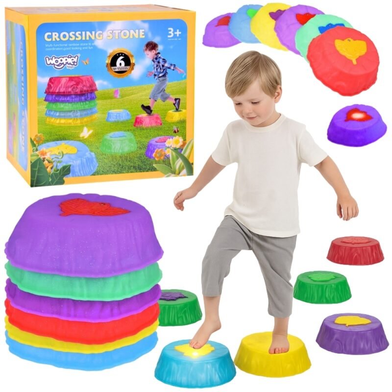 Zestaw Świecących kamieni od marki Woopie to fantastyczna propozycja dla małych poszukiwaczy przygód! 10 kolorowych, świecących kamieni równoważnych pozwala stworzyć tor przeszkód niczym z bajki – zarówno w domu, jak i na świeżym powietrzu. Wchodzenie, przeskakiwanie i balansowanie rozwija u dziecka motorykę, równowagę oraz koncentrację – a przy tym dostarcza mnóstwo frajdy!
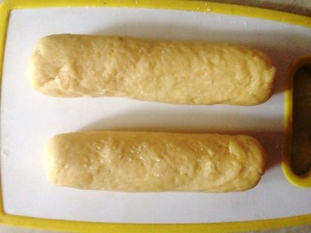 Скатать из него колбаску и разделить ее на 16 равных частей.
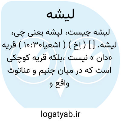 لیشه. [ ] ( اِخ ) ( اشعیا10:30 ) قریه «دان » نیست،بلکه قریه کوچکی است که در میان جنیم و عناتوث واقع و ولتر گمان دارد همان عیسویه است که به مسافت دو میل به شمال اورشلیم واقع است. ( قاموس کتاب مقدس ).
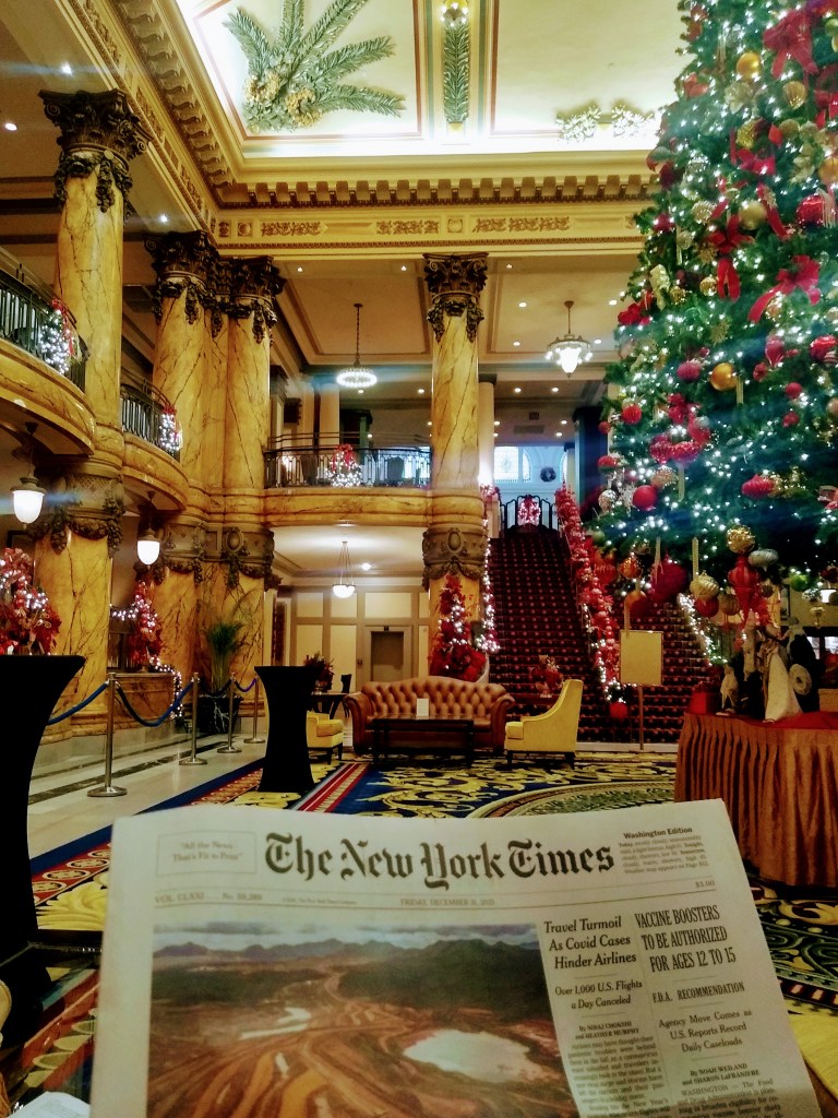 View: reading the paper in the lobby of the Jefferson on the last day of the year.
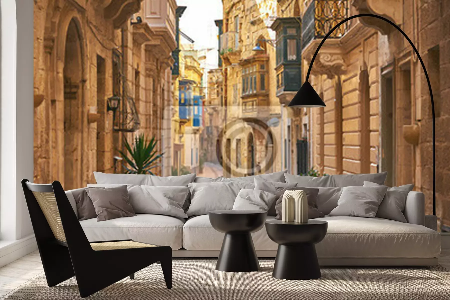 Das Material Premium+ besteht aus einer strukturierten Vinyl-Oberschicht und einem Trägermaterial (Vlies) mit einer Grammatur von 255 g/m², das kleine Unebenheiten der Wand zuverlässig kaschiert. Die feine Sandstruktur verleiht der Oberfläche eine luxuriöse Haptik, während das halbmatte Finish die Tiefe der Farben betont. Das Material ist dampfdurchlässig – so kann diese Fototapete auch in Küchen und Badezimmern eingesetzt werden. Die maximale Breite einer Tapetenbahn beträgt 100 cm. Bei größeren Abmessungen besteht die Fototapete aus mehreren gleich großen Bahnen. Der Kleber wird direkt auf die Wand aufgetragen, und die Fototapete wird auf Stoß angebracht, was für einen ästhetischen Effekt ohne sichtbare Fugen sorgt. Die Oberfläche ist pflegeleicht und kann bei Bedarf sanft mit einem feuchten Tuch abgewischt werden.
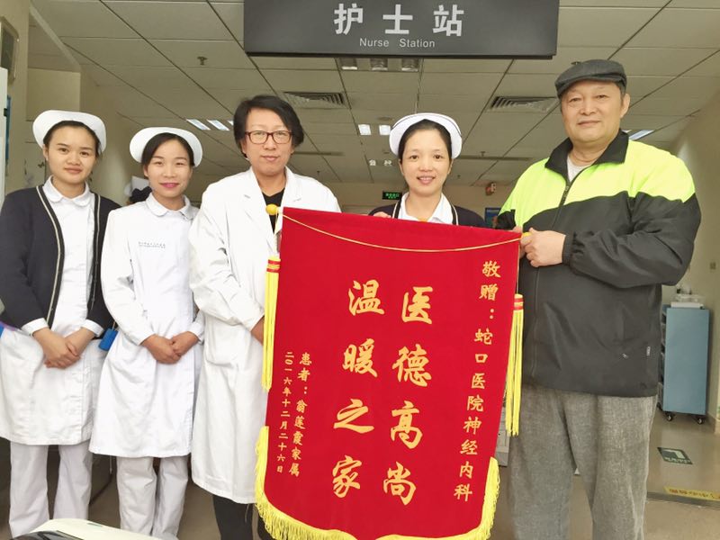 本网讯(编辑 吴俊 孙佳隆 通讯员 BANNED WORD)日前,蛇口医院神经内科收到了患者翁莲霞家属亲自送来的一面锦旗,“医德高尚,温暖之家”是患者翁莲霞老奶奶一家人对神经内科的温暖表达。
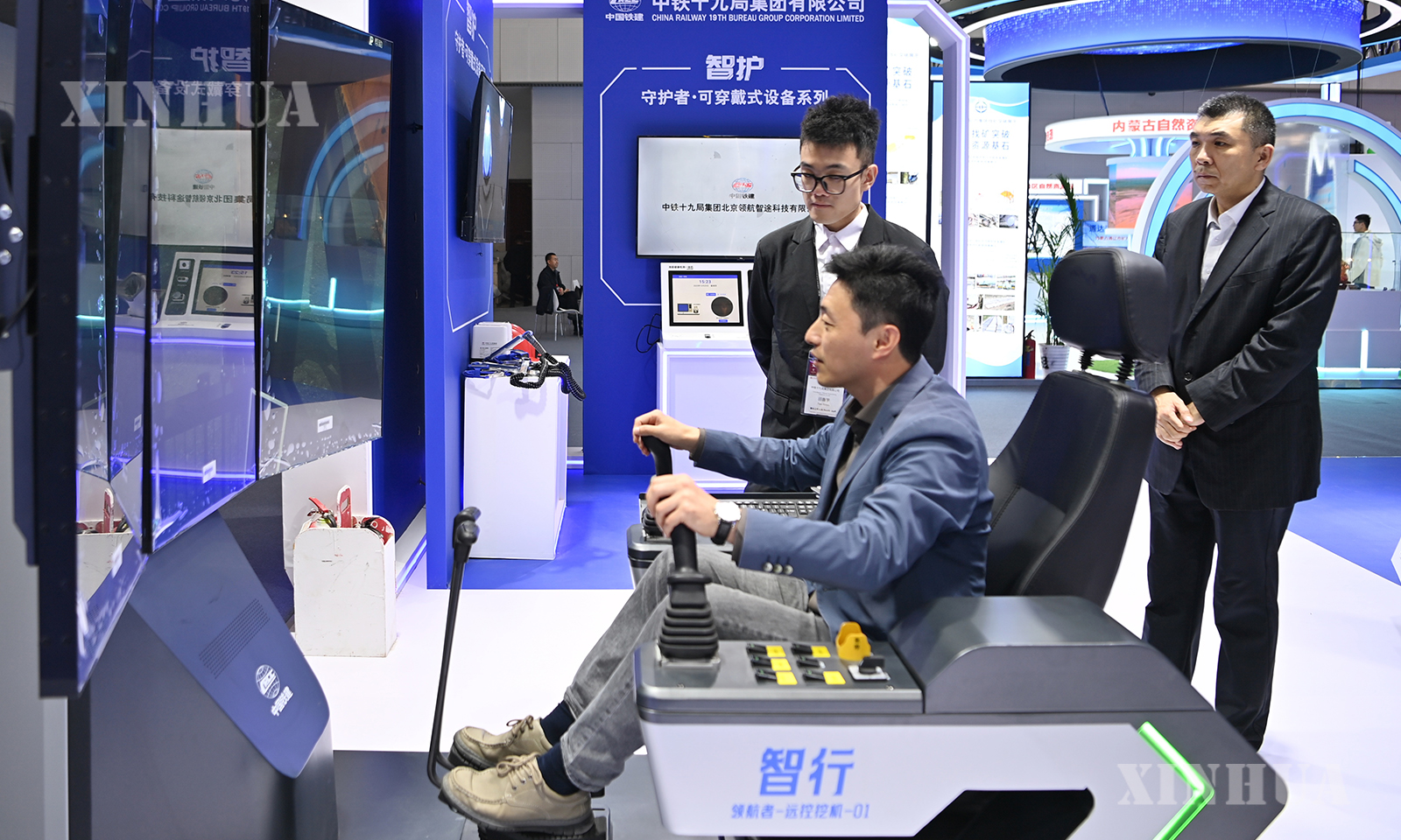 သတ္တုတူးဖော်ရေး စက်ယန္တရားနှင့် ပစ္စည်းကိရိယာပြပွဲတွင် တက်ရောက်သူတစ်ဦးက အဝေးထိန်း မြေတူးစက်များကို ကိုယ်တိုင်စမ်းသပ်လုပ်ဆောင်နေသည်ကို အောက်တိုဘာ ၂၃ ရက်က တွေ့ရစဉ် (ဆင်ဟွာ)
#####
## WHAT IS NEEDED
Word for word, output the whole listing, but not its pictures.

## ANSWER BELOW
 Zestaw Świecących kamieni od marki Woopie to fantastyczna propozycja dla małych poszukiwaczy przygód! 10 kolorowych, świecących kamieni równoważnych pozwala stworzyć tor przeszkód niczym z bajki – zarówno w domu, jak i na świeżym powietrzu. Wchodzenie, przeskakiwanie i balansowanie rozwija u dziecka motorykę, równowagę oraz koncentrację – a przy tym dostarcza mnóstwo frajdy!
 Скатать из него колбаску и разделить ее на 16 равных частей.
 لیشه. [ ] ( اِخ ) ( اشعیا10:30 ) قریه «دان » نیست،بلکه قریه کوچکی است که در میان جنیم و عناتوث واقع و ولتر گمان دارد همان عیسویه است که به مسافت دو میل به شمال اورشلیم واقع است. ( قاموس کتاب مقدس ).
 View: reading the paper in the lobby of the Jefferson on the last day of the year.
 Das Material Premium+ besteht aus einer strukturierten Vinyl-Oberschicht und einem Trägermaterial (Vlies) mit einer Grammatur von 255 g/m², das kleine Unebenheiten der Wand zuverlässig kaschiert. Die feine Sandstruktur verleiht der Oberfläche eine luxuriöse Haptik, während das halbmatte Finish die Tiefe der Farben betont. Das Material ist dampfdurchlässig – so kann diese Fototapete auch in Küchen und Badezimmern eingesetzt werden. Die maximale Breite einer Tapetenbahn beträgt 100 cm. Bei größeren Abmessungen besteht die Fototapete aus mehreren gleich großen Bahnen. Der Kleber wird direkt auf die Wand aufgetragen, und die Fototapete wird auf Stoß angebracht, was für einen ästhetischen Effekt ohne sichtbare Fugen sorgt. Die Oberfläche ist pflegeleicht und kann bei Bedarf sanft mit einem feuchten Tuch abgewischt werden.
 本网讯(编辑 吴俊 孙佳隆 通讯员 BANNED WORD)日前,蛇口医院神经内科收到了患者翁莲霞家属亲自送来的一面锦旗,“医德高尚,温暖之家”是患者翁莲霞老奶奶一家人对神经内科的温暖表达。
 သတ္တုတူးဖော်ရေး စက်ယန္တရားနှင့် ပစ္စည်းကိရိယာပြပွဲတွင် တက်ရောက်သူတစ်ဦးက အဝေးထိန်း မြေတူးစက်များကို ကိုယ်တိုင်စမ်းသပ်လုပ်ဆောင်နေသည်ကို အောက်တိုဘာ ၂၃ ရက်က တွေ့ရစဉ် (ဆင်ဟွာ)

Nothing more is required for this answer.